Cuba’s Heritage Council, in partnership with the U.S. Social Science Research Council (SSRC), recently opened up access to thousands of documents that belonged to Ernest Hemingway, reports the BBC. Hemingway scholars and enthusiasts know little about his 21 years on the island, and those connected with the project believe the archive will help fill in the blanks.

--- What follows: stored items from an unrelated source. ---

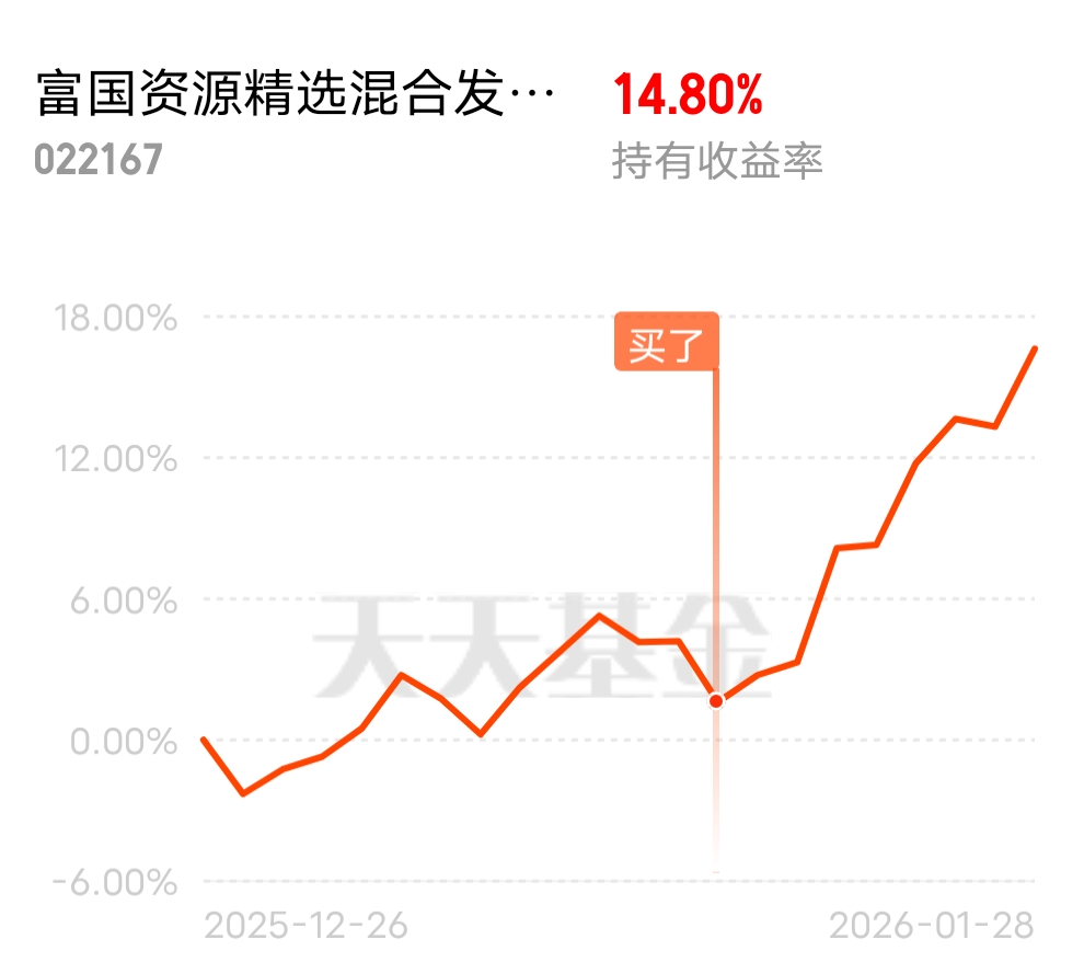 今天市场走势延续分化震荡,指数涨跌不一,行情赛道分化,不过大宗商品走势依旧坚挺。我持仓的$富国资源精选混合发起式C$ (022167)昨天上涨2.92%,现在估值上涨1.66%,我现在的持仓收益都有14.8%了,业绩表现是很不错的,这只基金紧扣资源核心主线,重点布局锂等优质资源标的,精准踩中新能源需求风口。叠加全球降息周期开启,流动性宽松利好大宗商品估值修复,资源板块景气度持续抬升。看走势,近期很明显进入了上涨行情,拉升速度才那么快,现在市场维持慢牛行情,讲究强者恒强趋势,目前来看富国资源精选混合C还有希望继续盈利吃肉,我今天继续持仓等涨。
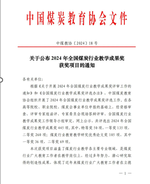2024-09-23近日,中国煤炭教育协会公布了2024年全国煤炭行业教学成果获奖项目,成人在线获2024年全国煤炭行业本科教学成果一等奖3项,二等奖1项,研究生教学成果一等奖1项,二等奖2项的好成绩。其中程卫民教授团队的《高水平学科引领下的安全工程专业数智化人才培养体系改革与实践》、王刚教授团队的《教材建设与课程教学的协同创新与实践—<矿井通风与安全(融媒体版)>(教材)》、和刘音教授团队的《虚实联通探新路,数智融合助教研-安全工...
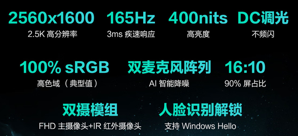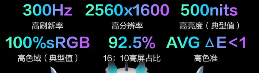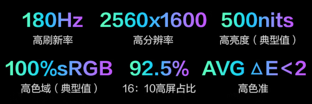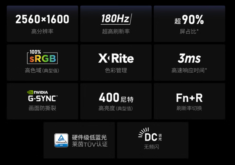 2K 180Hz屏,400尼特亮度,带DC调光、莱茵硬件级低蓝光认证,屏幕不便宜。
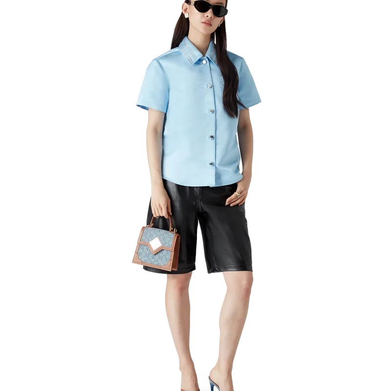 Den kortärmade skjortan i satin är en klassisk design tillverkad av satintyg. Den har knäppning, guldpläterade knappar med märkeslogotyp, spetskrage, rundad fåll, bröstficka samt pärldekor på kragen och bröstfickan.
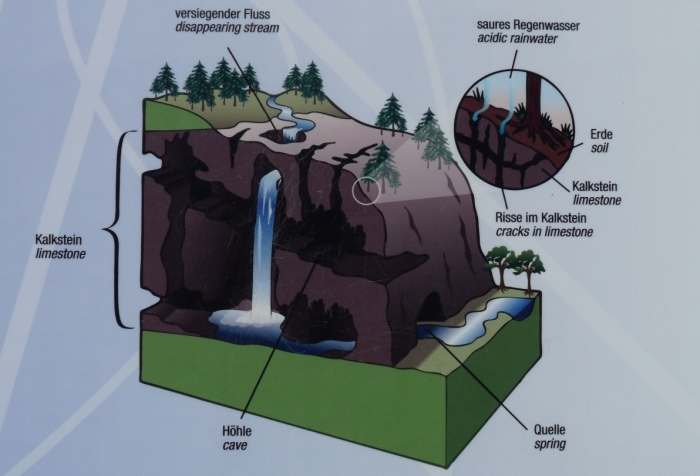 A mészkővidékeken a felszínen főként negatív formákat láthatunk, vagyis olyan helyeket, ahonnan „hiányzik” a mészkő. Hogy hová lett? Kioldódott. A mészkő tiszta vízben nem oldódik, de savas vízben igen. Tévedés lenne azt gondolni, hogy az esővíz csak valami környezetszennyezésből kifolyóan válhat savassá. Hiszen karsztformák már sokkal az ember jelenléte előtt is voltak a bolygónkon. Hol válik savassá a semlegesként lehullott esővíz? A talajban. A talajon átszivárogva ugyanis felveszi az ott található szén-dioxidot, ami részben a talajlakó élőlények légzéséből származik. A vízben oldott szén-dioxid a szénsav. Ha nem félünk a képletektől (ugyan már, minek is félnénk?!), akkor így írható le: CO2 + H2O = H2CO3
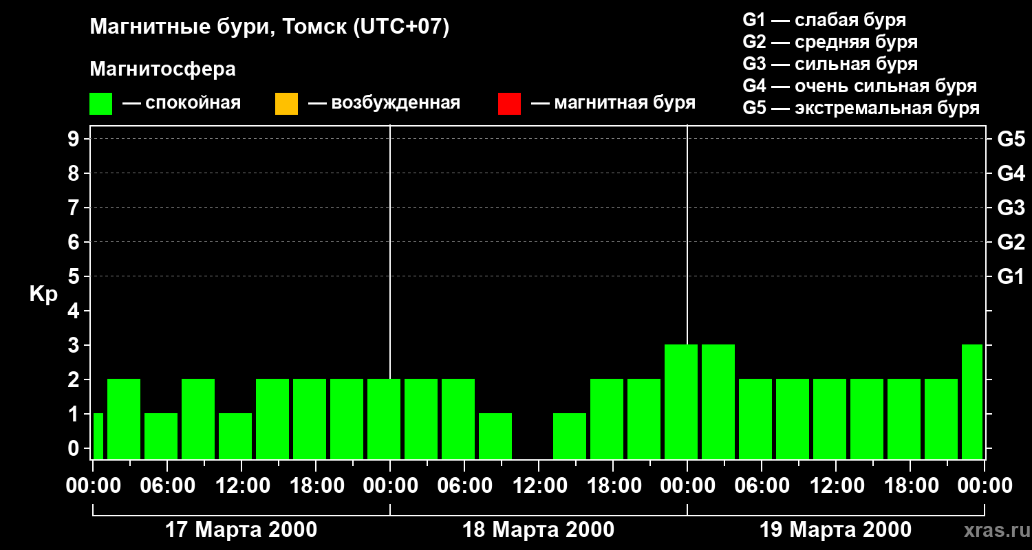 Изменения геомагнитного индекса Kp с 17 по 19 марта 2000 года для средних широт

According to the Guardian, the collection includes some obvious points of interest: an unpublished epilogue to For Whom the Bell Tolls, a screenplay for The Old Man and the Sea, and letters from Ezra Pound and Ingrid Bergman. But many are also excited about the insights to be gained from the more mundane pieces. Sandra Spanier gushes in an article on SSRC’s website:
You don’t always think of Hemingway as the guy who has to change the oil in his car and fix his roof, but he was very much in touch with the texture and rhythms of his daily routine in Cuba, and there are many domestic notes in there. There’s a recommendation letter he wrote for a carpenter. There are meticulous notes he wrote, in Spanish, to the cook . . . explaining extremely involved recipes, how to do the carrots, and which days of the week he wanted avocados in the salad instead of tomatoes.
Digital copies of the papers have also been sent to the John F. Kennedy Library in Boston, and will hopefully be made available to the public in the future.